With it being given that $\lvert AB \rvert = \lvert BC \rvert$, this means $\lvert BE \rvert = \lvert BC \rvert$. However, next note that, based on just the provided information, without assuming the figure is necessarily a particularly accurate representation, there are now actually $3$ possibilities to check (although just something like stating $\measuredangle DBC$ is $\gt 20^{\circ}$ or that it's obtuse, would have been sufficient for there to be only the first possibility below).

First, if $E$ is to the left of $C$ (i.e., in $DC$, as shown in your figure), then $\triangle BEC$ is isosceles. Thus, by also using your results, we then have that

$$\measuredangle BEC = 3x \;\;\to\;\; 3x = x + 20^{\circ} \;\;\to\;\; x = 10^{\circ}$$

The second possibility is that $E$ is actually the same point as $C$. In this case, we get from the angles in $\triangle BED$ that

$$\measuredangle BED = 3x \;\;\to\;\; x + 3x + 20^{\circ} = 180^{\circ} \;\;\to\;\; x = 40^{\circ}$$

The final, third possibility to consider is that $E$ is to the right of $C$, i.e., those $2$ points are basically switched around in your diagram. We would then have $\measuredangle BCE = \measuredangle BEC = 180^{\circ}-3x$. Then using the sum of angles in $\triangle DEB$ gives that

$$x + (180^{\circ}-3x) + 20^{\circ} = 180^{\circ} \;\;\to\;\; -2x + 20^{\circ} = 0 \;\;\to\;\; x = 10^{\circ}$$

On the other hand, since $0^{\circ} \lt \measuredangle CBE \lt 20^{\circ}$, we get from $\triangle CBE$ that

$$\begin{equation}\begin{aligned} 180^{\circ} & \gt 2(180^{\circ}-3x) \gt 160^{\circ} \\ 180^{\circ} & \gt 360^{\circ}-6x \gt 160^{\circ} \\ -180^{\circ} & \gt -6x \gt -200^{\circ} \\ 30^{\circ} & \lt x \lt \frac{100}{3}^{\circ} \\ \end{aligned}\end{equation}$$

However, this contradicts the previous equation's result, so this third possibility is not a valid case.

Answer 2

The cicumdiameter of $\triangle BAD$ is $\frac{AB}{\sin(x)}$. The cicumdiameter of $\triangle BCD$ is $\frac{BC}{\sin(x)}$. These are equal since $AB=BC$.
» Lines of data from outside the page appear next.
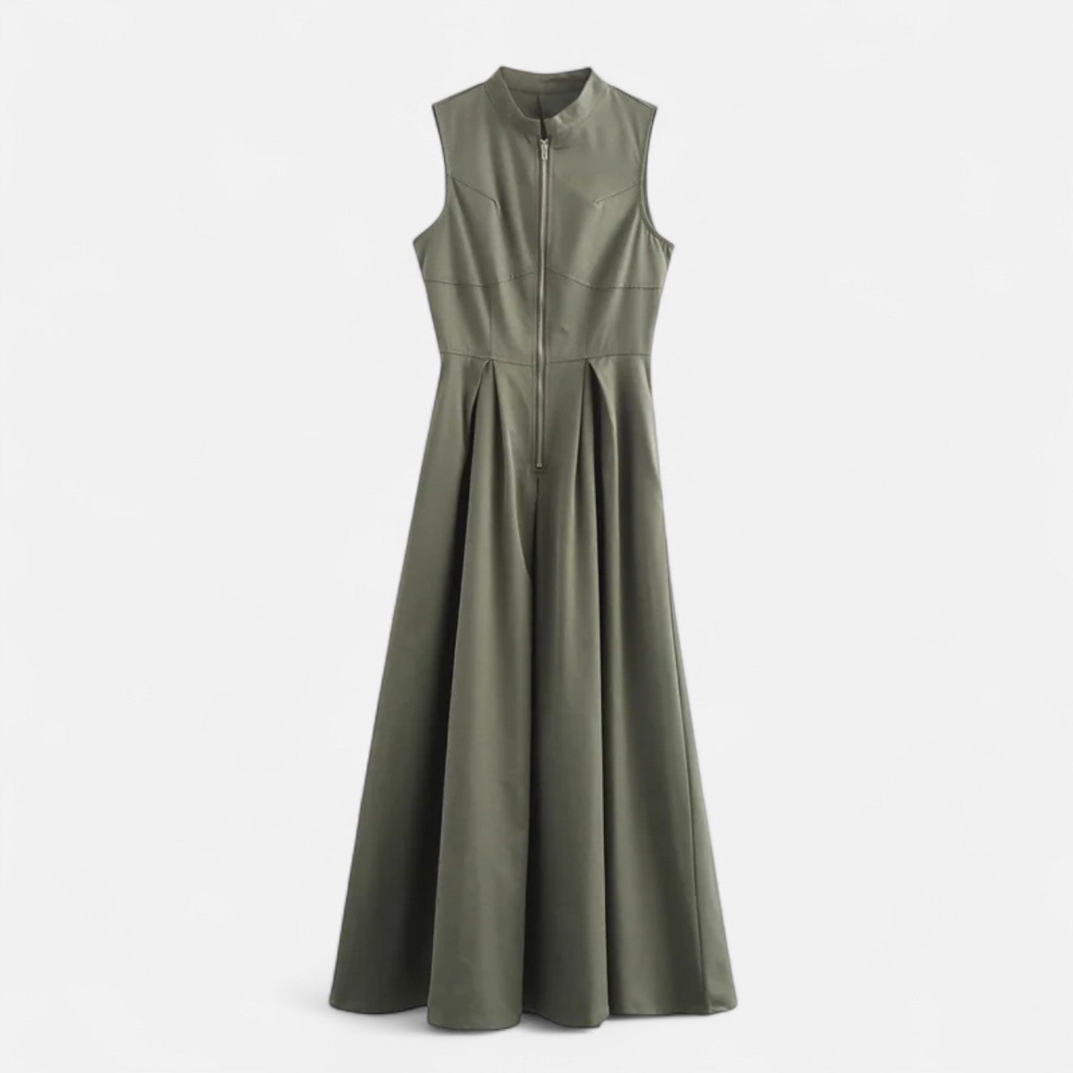 Ancient World | Fitted Pleated Midi Dress for Women – Sleeveless Summer Elegance with Zipper Closure
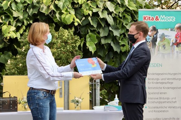 Gemeinsam mit Sachsens Ministerpräsident Michael Kretschmer brachte Kita-Leiterin Katja Hillenbrand heute die Plakette des Deutschen Kita-Preises an der Dresdner Kita-Rehefelder Straße an. Denn die Pieschener-Einrichtung wurde im Juni mit dem 2. Platz des Deutschen Kita-Preises 2020 prämiert und erhielt nun von der Deutschen Kinder- und Jugendstiftung (DKJS) die offizielle Auszeichnung. Dazu gab es den Scheck über 10.000 Euro, die Urkunde und natürlich Medaillen für die wichtigsten Personen rund um den Kita-Preis: die Kinder der Kita!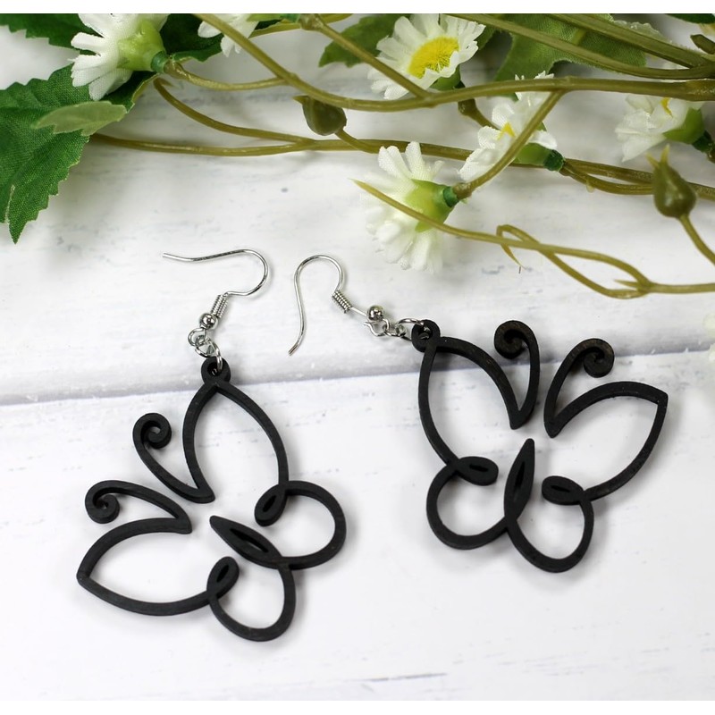 Doodle Line Butterfly Earrings in Black - Rustic Wood Earrings with French Hooks

Since $BD$ is a chord of both the circumcircle of $\triangle BAD$ and the circumcircle of $\triangle BCD$, we get that either $\angle BAD=\angle BCD$ or $\angle BAD=180^{\large\circ}-\angle BCD$. That is, there are two solutions.

---

Solution 1: $\angle BAD=\color{#C00}{\angle BCD}$.

Since the angles in $\triangle BAD$ sum to $180^{\large\circ}$, $$ x+\color{#C00}{3x}+20^{\large\circ}=180^{\large\circ}\implies x=40^{\large\circ}\tag1 $$

$\triangle BAD$ and $\triangle BCD$ are both $20^{\large\circ}{-}120^{\large\circ}{-}40^{\large\circ}$.

---

Solution 2: $\angle BAD=\color{#C00}{180^{\large\circ}-\angle BCD}$.

Since the angles in $\triangle BAD$ sum to $180^{\large\circ}$, $$ x+\color{#C00}{180^{\large\circ}-3x}+20^{\large\circ}=180^{\large\circ}\implies x=10^{\large\circ}\tag2 $$

$\triangle BAD$ is $20^{\large\circ}{-}150^{\large\circ}{-}10^{\large\circ}$ and $\triangle BCD$ is $140^{\large\circ}{-}30^{\large\circ}{-}10^{\large\circ}$.

Solution 2 is the one found in the question.